-- The input follows --

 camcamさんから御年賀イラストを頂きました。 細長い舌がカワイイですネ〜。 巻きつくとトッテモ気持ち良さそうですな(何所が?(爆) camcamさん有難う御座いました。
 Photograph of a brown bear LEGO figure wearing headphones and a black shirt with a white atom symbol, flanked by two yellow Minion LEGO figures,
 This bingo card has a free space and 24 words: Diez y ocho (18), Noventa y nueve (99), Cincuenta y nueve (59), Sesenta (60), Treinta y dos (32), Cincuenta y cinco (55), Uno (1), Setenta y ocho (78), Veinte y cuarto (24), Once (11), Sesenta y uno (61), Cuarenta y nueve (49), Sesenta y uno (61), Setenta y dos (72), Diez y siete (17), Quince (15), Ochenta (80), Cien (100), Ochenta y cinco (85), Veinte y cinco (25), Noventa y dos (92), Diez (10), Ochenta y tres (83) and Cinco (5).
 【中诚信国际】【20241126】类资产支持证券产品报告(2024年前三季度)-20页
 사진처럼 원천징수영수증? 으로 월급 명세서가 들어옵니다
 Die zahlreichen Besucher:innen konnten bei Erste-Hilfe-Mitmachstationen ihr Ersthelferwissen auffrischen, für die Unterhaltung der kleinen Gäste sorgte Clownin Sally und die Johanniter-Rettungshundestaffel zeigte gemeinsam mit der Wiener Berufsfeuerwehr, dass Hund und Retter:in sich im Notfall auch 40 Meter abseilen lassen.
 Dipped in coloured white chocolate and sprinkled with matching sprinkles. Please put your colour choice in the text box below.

-- The input concluded --
-- The input follows --

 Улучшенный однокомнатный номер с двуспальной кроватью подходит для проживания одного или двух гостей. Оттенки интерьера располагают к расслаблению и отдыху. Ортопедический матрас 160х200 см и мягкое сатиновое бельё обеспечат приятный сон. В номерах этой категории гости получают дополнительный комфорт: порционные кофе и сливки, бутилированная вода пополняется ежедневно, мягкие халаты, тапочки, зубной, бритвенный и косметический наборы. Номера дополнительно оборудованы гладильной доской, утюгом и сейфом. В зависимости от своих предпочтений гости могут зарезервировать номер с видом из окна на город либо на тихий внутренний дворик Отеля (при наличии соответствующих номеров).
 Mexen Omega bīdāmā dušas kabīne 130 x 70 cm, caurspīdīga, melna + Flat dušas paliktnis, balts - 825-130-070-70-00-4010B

-- The input concluded --

— Problem details —
Each line in the listing above from the one containing "Die zahlreichen Besucher:innen" through the one containing "Dipped in coloured" should be repeated exactly, and no other line.

— Written solution —
 Die zahlreichen Besucher:innen konnten bei Erste-Hilfe-Mitmachstationen ihr Ersthelferwissen auffrischen, für die Unterhaltung der kleinen Gäste sorgte Clownin Sally und die Johanniter-Rettungshundestaffel zeigte gemeinsam mit der Wiener Berufsfeuerwehr, dass Hund und Retter:in sich im Notfall auch 40 Meter abseilen lassen.
 Dipped in coloured white chocolate and sprinkled with matching sprinkles. Please put your colour choice in the text box below.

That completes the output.